Despite progress in perceptual tasks such as image classification, computers still perform poorly on cognitive tasks such as image description and question answering. Cognition is core to tasks that involve not just recognizing, but reasoning about our visual world. However, models used to tackle the rich content in images for cognitive tasks are still being trained using the same datasets designed for perceptual tasks. To achieve success at cognitive tasks, models need to understand the interactions and relationships between objects in an image. When asked "What vehicle is the person riding? ", computers will need to identify the objects in an image as well as the relationships riding (man, carriage) and pulling (horse, carriage) to answer correctly that "the person is riding a horse-drawn carriage.” In this paper, we present the Visual Genome dataset to enable the modeling of such relationships. We collect dense annotations of objects, attributes, and relationships within each image to learn these models. Specifically, our dataset contains over 108K images where each image has an average of [math]\displaystyle{ 35 }[/math] objects, [math]\displaystyle{ 26 }[/math] attributes, and [math]\displaystyle{ 21 }[/math] pairwise relationships between objects. We canonicalize the objects, attributes, relationships, and noun phrases in region descriptions and questions answer pairs to WordNet synsets. Together, these annotations represent the densest and largest dataset of image descriptions, objects, attributes, relationships, and question answer pairs.

1. Introduction


Fig. 1 An overview of the data needed to move from perceptual awareness to cognitive understanding of images. We present a dataset of images densely annotated with numerous region descriptions, objects, attributes, and relationships. Some examples of region descriptions (e.g. “girl feeding large elephant” and “a man taking a picture behind girl”) are shown (top). The objects (e.g. elephant), attributes (e.g. large) and relationships (e.g. feeding) are shown (bottom). Our dataset also contains image related question answer pairs (not shown)

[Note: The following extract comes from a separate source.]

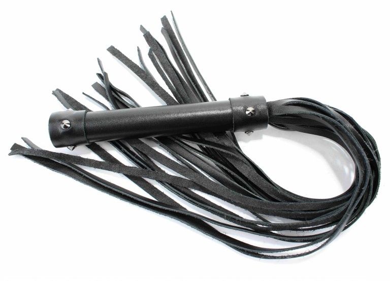 Плеть изготовлена из натуральной кожи, имеет 20 хвостов. Хвосты имеют вид лент. Украшена металлическими аксессуарами. Длина хвостов - 40 см.

A holy grail of computer vision is the complete understanding of visual scenes: a model that is able to name and detect objects, describe their attributes, and recognize their relationships. Understanding scenes would enable important applications such as image search, question answering, and robotic interactions. Much progress has been made in recent years towards this goal, including image classification (Perronnin et al. 2010; Simonyan and Zisserman 2014; Krizhevsky et al. 2012; Szegedy et al. 2015) and object detection (Girshick et al. 2014; Sermanet et al. 2013; Girshick 2015; Ren et al. 2015b). An important contributing factor is the availability of a large amount of data that drives the statistical models that underpin today’s advances in computational visual understanding. While the progress is exciting, we are still far from reaching the goal of comprehensive scene understanding. As Fig. 1 shows, existing models would be able to detect discrete objects in a photo but would not be able to explain their interactions or the relationships between them. Such explanations tend to be cognitive in nature, integrating perceptual information into conclusions about the relationships between objects in a scene (Bruner 1990; Firestone and Scholl 2015). A cognitive understanding of our visual world thus requires that we complement computers’ ability to detect objects with abilities to describe those objects (Isola et al. 2015) and understand their interactions within a scene (Sadeghi and Farhadi 2011).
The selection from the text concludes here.